Themes covered by the examples of good practice include:

  • capturing and sharing information on the needs and wishes of people at end-of-life
  • educating and training the generalist health and social care workforce in care of the dying, including skills in communicating with and supporting families, carers and their advocates
  • access to advice and support from specialist palliative care service, including making effective use of technology such as telehealth
  • new incentives that encourage closer partnerships between care providers, including alternative funding models.
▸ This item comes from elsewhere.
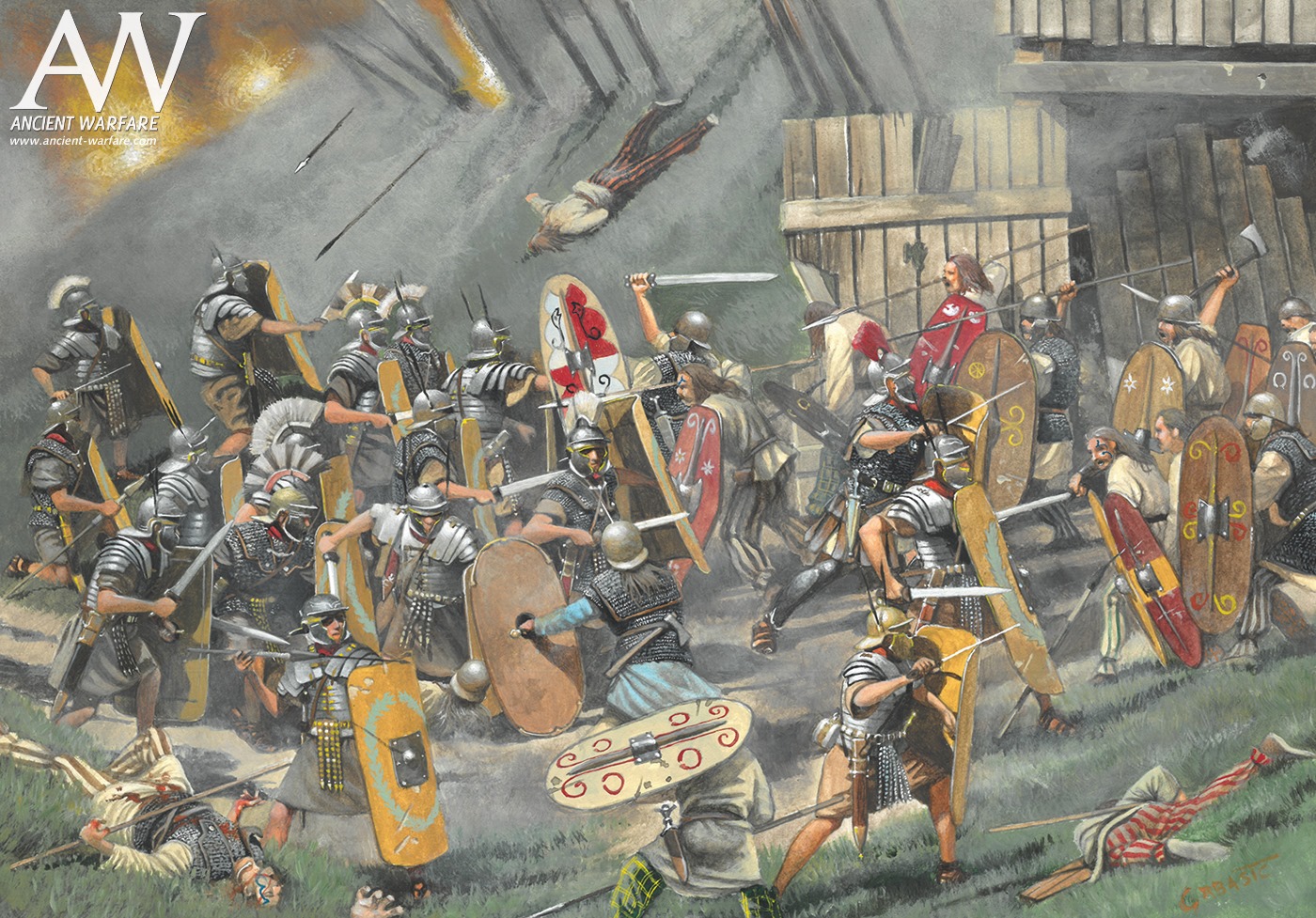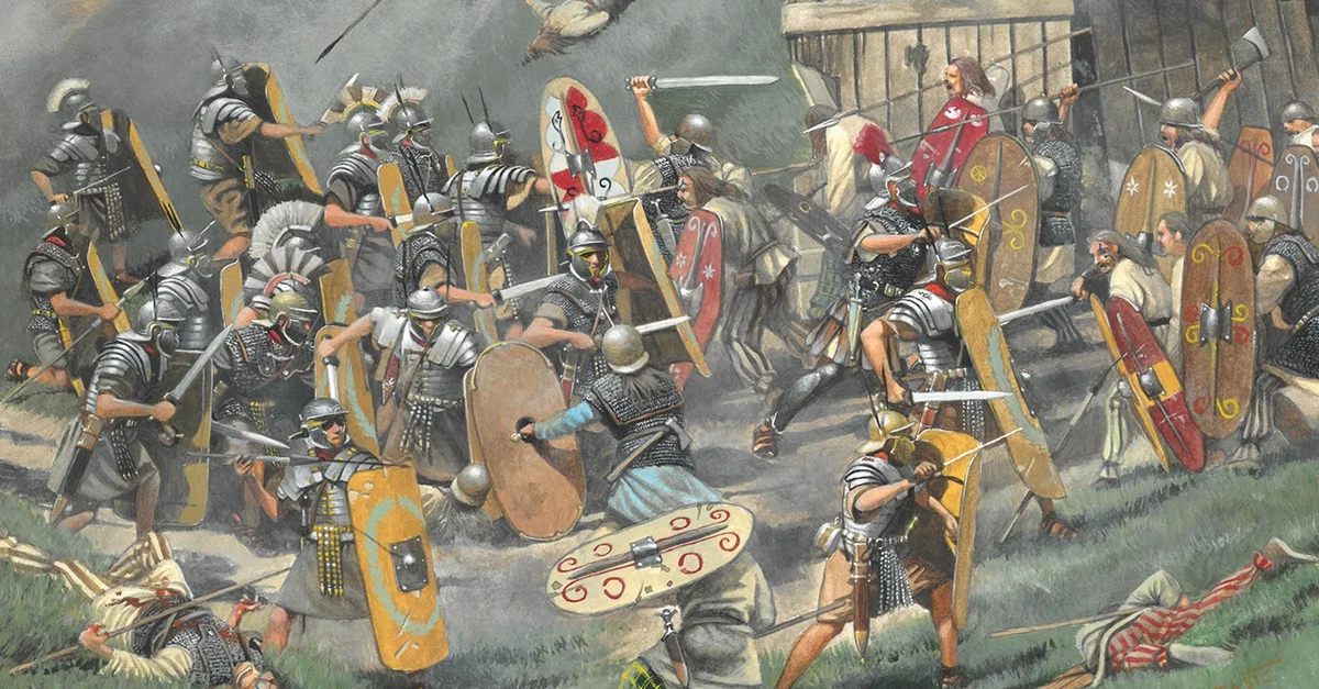 An illustration of Roman soldiers fighting British Celts at the fortifications at Cadbury Castle, Somerset. The scene is set sometime during the reign of Claudius (r. 41-54 CE), who began the Roman invasion of England. Illustration by Zvonimir Grbasic.

End-of-life care is a difficult but necessary subject to broach with the potential to prevent unnecessary suffering if delivered appropriately. It is an issue that has the potential to unite rather than divide service providers and, done well, could be an exemplar of cost-effective, co-ordinated and integrated care. However, the primary barrier to the delivery of good quality care is the lack of access to effective services that support people to die at home or in their care home. The emphasis now should be on transforming support in the community to reduce unwarranted variation in quality of care and unwanted hospital admissions. High spend does not equate to a good death and the reallocation of resources from the more expensive hospital setting should lead to better quality care that is cost neutral if not cost saving.

Footnotes

1. National Survey of Bereaved People (VOICES) 2013, Commissioned by NHS England administered by Office of National Statistics, July 2014. See also: http://www.ons.gov.uk/ons/dcp171778_370472.pdf

2. More care less Pathway - A Review of the Liverpool Care Pathway,  Baroness Julia Neuberger (chair), July 2013. See also: https://www.gov.uk/government/uploads/system/uploads/attachment_data/file/212450/Liverpool_Care_Pathway.pdf

3. National Care of the Dying audit for Hospitals 2013-14, Royal College of Physicians, May 2014. See also: https://www.rcplondon.ac.uk/sites/default/files/ncdah_exec_summary.pdf

4. Hose of Lords debate evenly split over assisted dying legislation, The Guardian, July 2014. See also: http://www.theguardian.com/society/2014/jul/18/assisted-dying-legalisation-debate-house-lords

5. One chance to get it right – improving people's experience of care in the last few days and hours of life, Leadership Alliance for the Care of Dying People, June 2014. See also:https://www.gov.uk/government/uploads/system/uploads/attachment_data/file/323188/One_chance_to_get_it_right.pdf

The content of this article is intended to provide a general guide to the subject matter. Specialist advice should be sought about your specific circumstances.